Lila’s undergraduate thesis was on theatre and culture and involved analysing around 200 newspaper reviews and speaking to editors and journalists. She found many reviews were not really critiques, but more superficial descriptions of plays. Some were just a summary of what was in the press release about the work because the journalists lacked the time to go into any more depth.

Lila also worked on the university newspaper for a year and after graduating got a job at a local newspaper as a news designer, laying out pages. During that time she was also studying for a second degree in visual arts. “I felt I chose my first degree in order to get a job whereas my second was because I really wanted to learn more and I was already working in that area,” says Lila.

Exhibitions and projects

After two years she needed more of a challenge. In 2014 as part of her visual arts course, Lila had spent a semester in Nottingham on an exchange programme where she studied public culture and the visual arts. When she returned she went back to the newspaper before starting to work in university extension projects and exhibitions in Belo Horizonte through the federal university’s science museum. This is something she has been doing up until she left Brazil for Cambridge in September 2021.

In her first project, she curated an exhibition focused on the restoration of an urban water basin in Belo Horizonte, collaborating with a university extension project, artists and local communities to raise environmental consciousness. From then on she worked in exhibitions, either as an assistant curator or in elaborating exhibit and graphic design projects, including one on the dictatorship period in Brazil. “The aim was to make knowledge accessible in a more interesting, fun way,” says Lila.

Master’s and beyond

In 2016 she finished her second degree. For her thesis she was interested in exploring the relationship between politics and aesthetics, in particular in relation to community currencies. In 2018, Lila began a master’s at the Federal University of Minas Gerais where she delved deeper into the names and visuals used by the currencies which are very tied to local memory and community. What fascinated her is how they include aspects of community life which are not represented in the national discourse.

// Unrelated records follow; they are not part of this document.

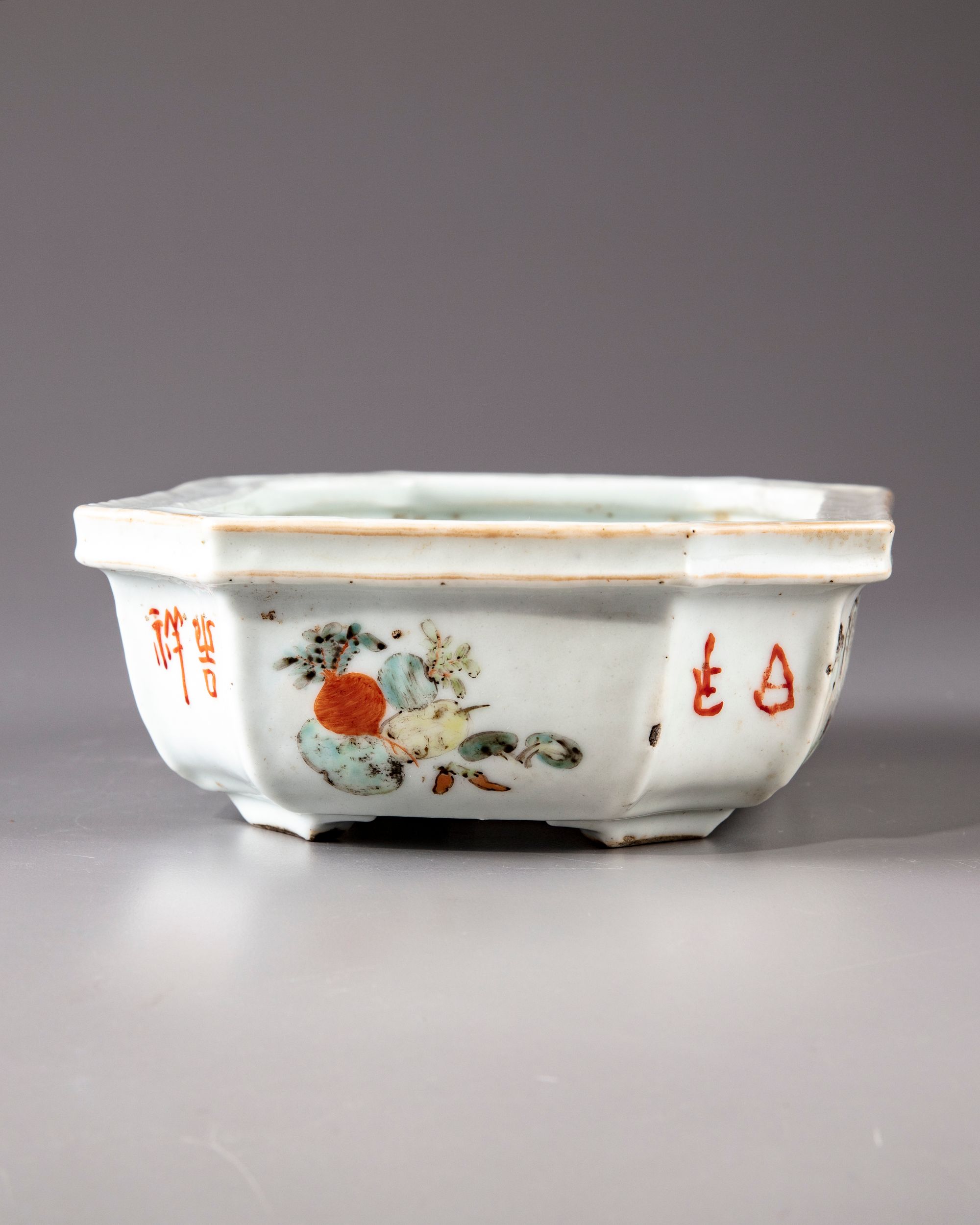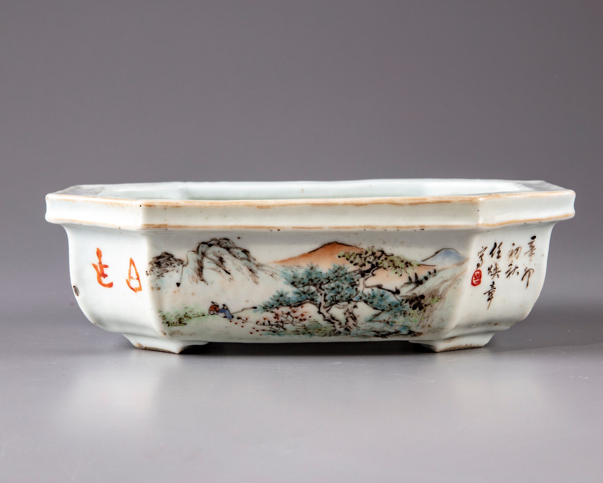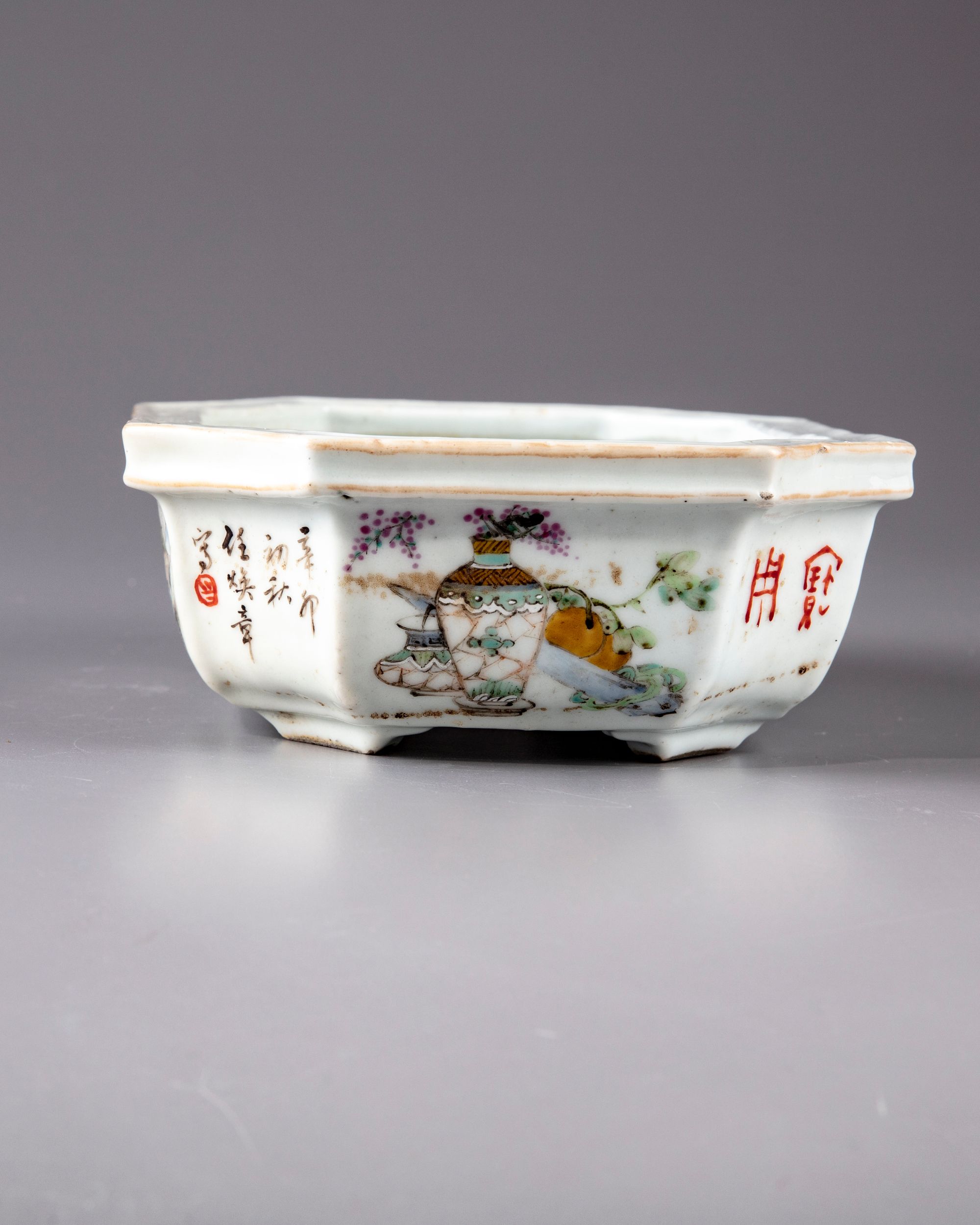 A small octagonal jardiniere to the sides with , a seated scholar, fuits, precious items and a landscape with further a Chinese poem.
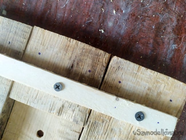 От края нужно отступить несколько см. Отмечаем ручкой, где будут рейки. И на самой рейки, тоже, нужно отметить, где будут скреплять саморезы.
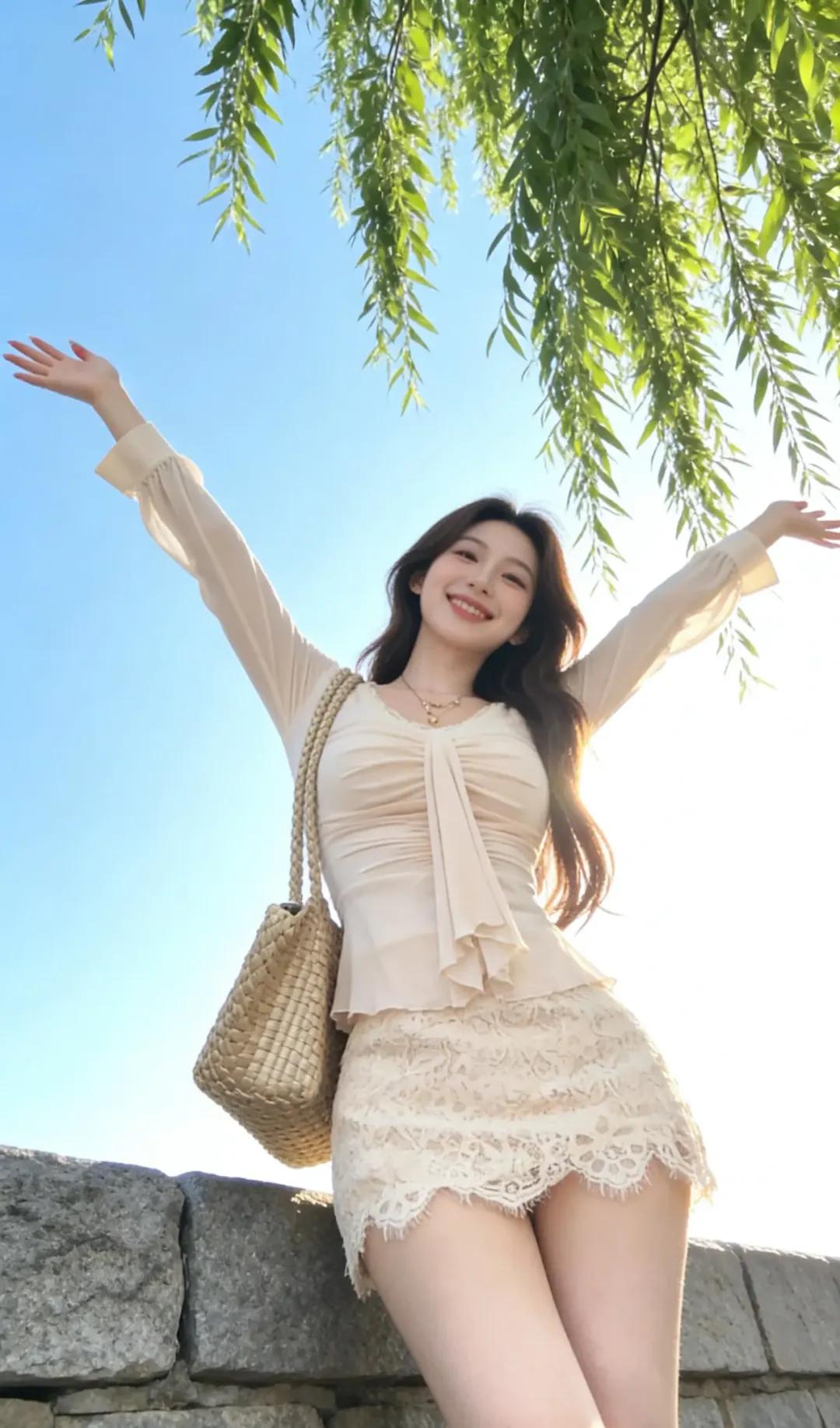 仰拍拍照用双手张开往上举的动作很适合配合蓝天,交叉腿站立让下半身看起来更轻盈,手臂向上时画面会显得更有延展感,整个人状态看起来轻松又有活力,自然就很出片。
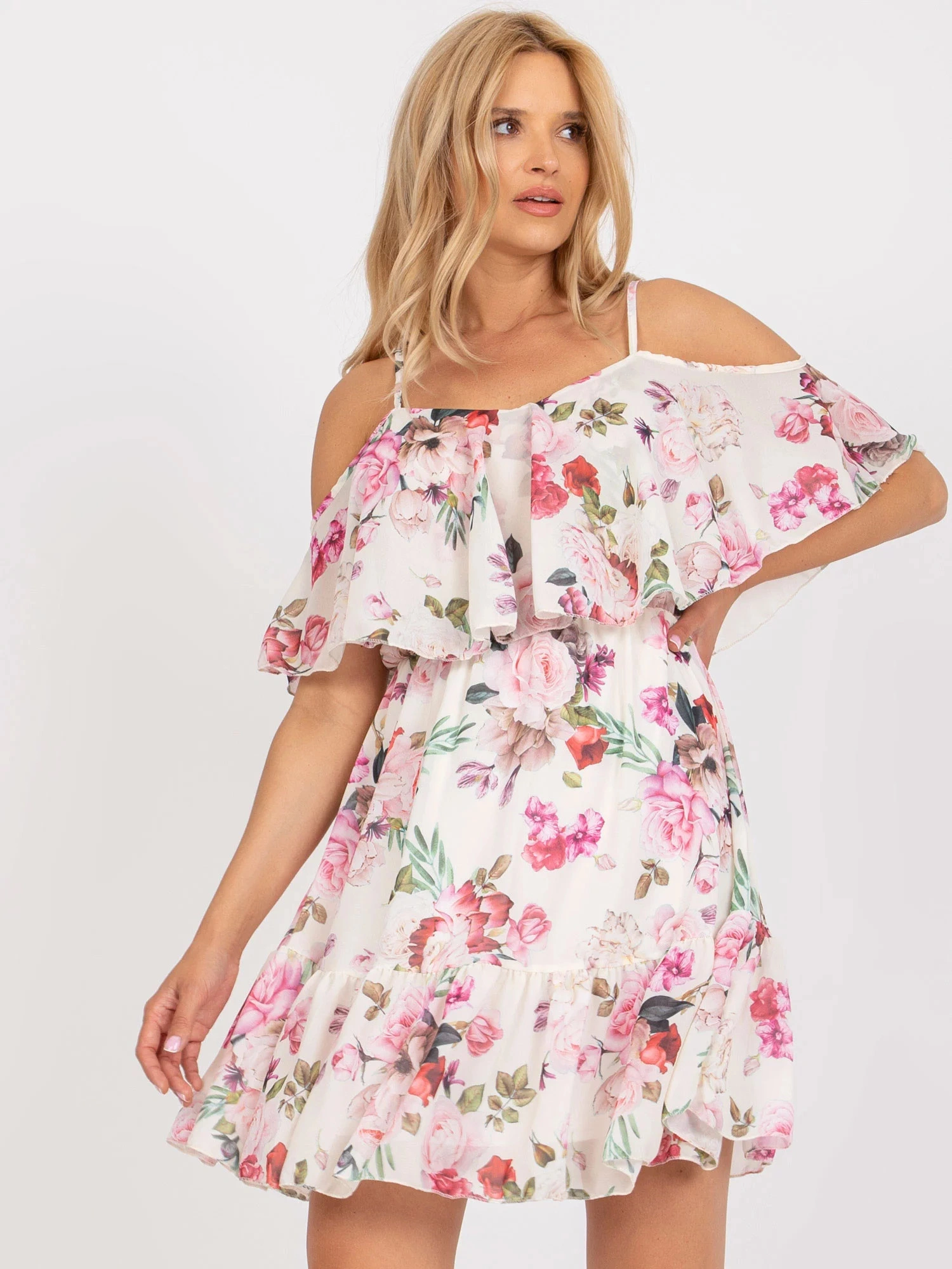 Modelka ma na sobie jeden rozmiar. Wymiary modelki: wzrost 175 cm, biust 84 cm, talia 65 cm, biodra 92 cm.

She travelled to three places in Brazil which had community currencies to speak to local people. Her thesis has four visual chapters that are just images of the currencies. It investigates how the images represent different subjectivities and feelings of belonging and pride.

While doing her master’s Lila had been reading some papers by Sian Lazar at the University of Cambridge. She discovered that she was accepting PhD students so she emailed Lazar and heard back the same day. At the time Lila was working on a project called Córregos Vivos (‘living streams’) with a collective of artists and architects which was looking at the relationship between the river and the local community in relation to ecological issues. Lila’s group was focused on alternative economic ideas and proposed a community bank as a way to restore the river basin area. The idea didn’t take off, but Lila is keen to explore it further in her interdisciplinary PhD on Latin American Studies.

She plans to do fieldwork next year in an area where a community currency has been in place for years and in another where it is less established so she can understand what works and what doesn’t. One area of interest is the migration of community currencies online and onto apps and how this has enabled community banks in different parts of the country to band together and form local and national networks.

This means they can be more self-sufficient and easier to use. It is a phenomenon that has accelerated as a result of the pandemic. “I am interested in studying how currencies fulfil their aim of helping local communities and how they help us to rethink capitalism through a series of little revolutions,” she says.